Figure 1 shows the lamb export volumes for 2017 sitting at 49% above the seasonal five year average levels for this quarter. Volumes increased again for March to 4,477 tonnes swt, just shy of the record high in June 2016. This is deviating from the usual March drop that occurs towards the seasonal trough.

The story for sheep exports to China tells a completely different tale in Figure 2. The total volume exported over the first quarter of 2017 was nearly half of that two years ago, begging the question, is China’s appetite for sheep meat changing or are relative price differentials between lamb and sheep encouraging the shift?

To delve a little deeper into the question, in Figure 3 we have lined up the change in mutton and lamb export volumes from 2015 to 2017 for the season so far. Interestingly, we can see that where mutton volume has dropped off very closely aligns with increases in lamb consignments. Particularly in the months of January and March, there is a near exact shift in volumes from the one sheep meat to the other.

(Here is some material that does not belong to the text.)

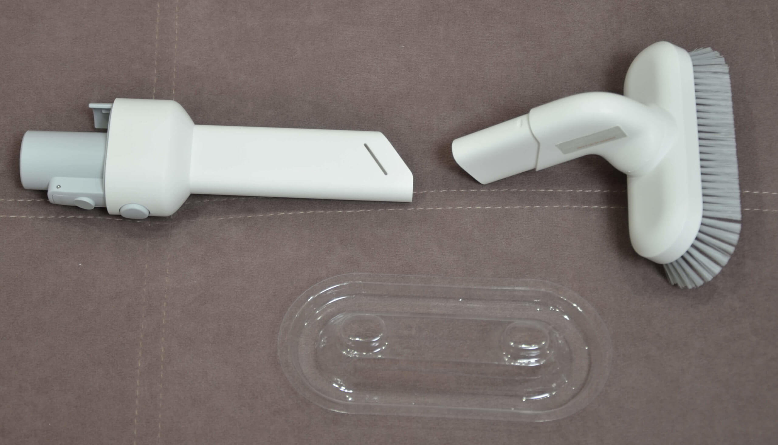 Yra plyšių valymo antgalis su nuimamu šepečiu. Šis įrankis patogus siurbti baldus, automobilių salonus ir, pavyzdžiui, klaviatūras.

Chinese consumers have always had a strong affinity to lamb, however, it’s likely that the demand will only continue to rise with the changing demographic. The growing middle/upper income class and open food culture of the younger population is prompting a shift in taste towards ‘premium’ import meats. Where historically cheap proteins for the hot pot were in high demand, the ‘foodie factor’ is taking over, with consumers in China willing to pay a premium for quality and a sense of superiority on their fork.

What does this mean?

Our current sheep meat export prices may also be playing a part in the changing trade trends within China. Over the last season, the basis of the spread between mutton and lamb has narrowed significantly. In 2015, we had the price of mutton at around 50% of lamb but now we’re seeing the mutton price close in.

The NMI is even fighting against the typical seasonal drop, so far holding steady and still close to record highs of 2011. It could be that the reducing price differential between mutton and lamb is also encouraging the shift in consumption choice towards the premium meat as Chinese consumers are more willing to buy for quality.